統計解析パッケージPingouinを使ってみる

Mediumを眺めていたらこんな記事を見かけました。

Medium

Accelerate Complicated Statistical Test for Data Scientist with Pingouin

https://towardsdatascience.com/accelerate-complicated-statistical-test-for-data-scientist-with-pingouin-f98f29184400

Quick and easy important statistical test in one package

Pythonで利用できる統計解析ライブラリとしてはSciPyのstatsくらいしか知らなかったのですが、上の記事を読んでみるとPingouinがなかなか便利そうだなと感じました。

今回は実際にPingouinを使ってみた感想を述べたいと思います。
コードはGitHubにあげています。

1. Pingouinとは
2. Pingouinで分散分析をやってみる
3. 最後に

Pingouinとは

Pingouinは統計解析パッケージの1つで、シンプルな記述であるにもかかわらず、網羅的な統計関数を利用できます。
Pythonで統計解析といえばSciPyがよく使われますが、例えばSciPyのttestだとt値とp値だけしか取得できません。
一方、Pingouinではt値とp値に加えて、自由度、効果量 (Cohenのd)、平均値の差の95%信頼区間、統計的検出力、検定のベイズ因子 (BF10)も取得できます。
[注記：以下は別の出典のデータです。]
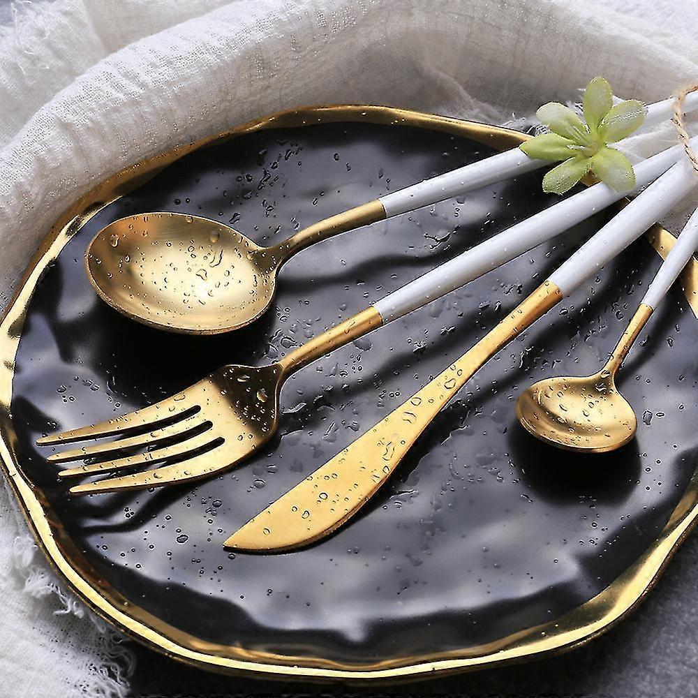 Ghyt 4pcs Gold Plastic Silverware, White And Gold Plastic Cutlery, Gold Plastic Forks And Spoons, Gold Plastic Flatware Include 1forks, 1spoons, 1 Kni

Pingouinは以下のコマンドでインストールできます。

pip install pingouin

また、公式ドキュメントがまとまっているので、詳しく知りたい方はこちらをご参照ください。

Pingouinで分散分析をやってみる

PingouinでANOVA（analysis of variance:分散分析）をしてみます。
「分散」というワードが入っていますが、グループ間の平均値の差が有意なのかどうかを検証する分析手法になります。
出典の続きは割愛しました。